──────── MATERIALS PROVIDED

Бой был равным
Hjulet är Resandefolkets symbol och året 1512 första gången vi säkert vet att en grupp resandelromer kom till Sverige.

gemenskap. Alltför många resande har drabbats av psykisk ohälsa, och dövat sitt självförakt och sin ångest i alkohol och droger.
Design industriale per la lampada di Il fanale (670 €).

────────────────
──────── MATERIALS PROVIDED

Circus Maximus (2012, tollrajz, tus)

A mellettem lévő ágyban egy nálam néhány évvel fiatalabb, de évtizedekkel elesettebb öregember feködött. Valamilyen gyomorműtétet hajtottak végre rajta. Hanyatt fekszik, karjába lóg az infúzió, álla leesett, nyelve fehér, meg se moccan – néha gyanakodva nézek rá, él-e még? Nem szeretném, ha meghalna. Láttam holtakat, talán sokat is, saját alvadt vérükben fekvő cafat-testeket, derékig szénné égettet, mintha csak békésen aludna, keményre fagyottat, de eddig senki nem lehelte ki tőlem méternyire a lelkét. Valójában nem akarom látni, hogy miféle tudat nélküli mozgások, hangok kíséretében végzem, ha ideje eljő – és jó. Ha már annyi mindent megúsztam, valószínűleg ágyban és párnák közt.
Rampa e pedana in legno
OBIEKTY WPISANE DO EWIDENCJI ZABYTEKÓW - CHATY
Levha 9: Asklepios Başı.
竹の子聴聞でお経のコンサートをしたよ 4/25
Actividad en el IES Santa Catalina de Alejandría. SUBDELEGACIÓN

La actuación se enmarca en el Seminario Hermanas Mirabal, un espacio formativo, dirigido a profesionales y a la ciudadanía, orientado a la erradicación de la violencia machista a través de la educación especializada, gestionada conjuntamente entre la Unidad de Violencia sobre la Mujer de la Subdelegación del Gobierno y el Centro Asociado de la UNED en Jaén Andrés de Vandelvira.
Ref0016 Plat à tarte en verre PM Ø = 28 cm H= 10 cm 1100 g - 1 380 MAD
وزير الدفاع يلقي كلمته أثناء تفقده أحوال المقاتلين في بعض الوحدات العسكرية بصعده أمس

────────────────

EXERCISE:
Within the material above, extract exactly the lines that start at the line containing "Бой был равным" and stop after the line containing "Design industriale per", and only those.

SOLUTION TO THE PROBLEM:
Бой был равным
Hjulet är Resandefolkets symbol och året 1512 första gången vi säkert vet att en grupp resandelromer kom till Sverige.

gemenskap. Alltför många resande har drabbats av psykisk ohälsa, och dövat sitt självförakt och sin ångest i alkohol och droger.
Design industriale per la lampada di Il fanale (670 €).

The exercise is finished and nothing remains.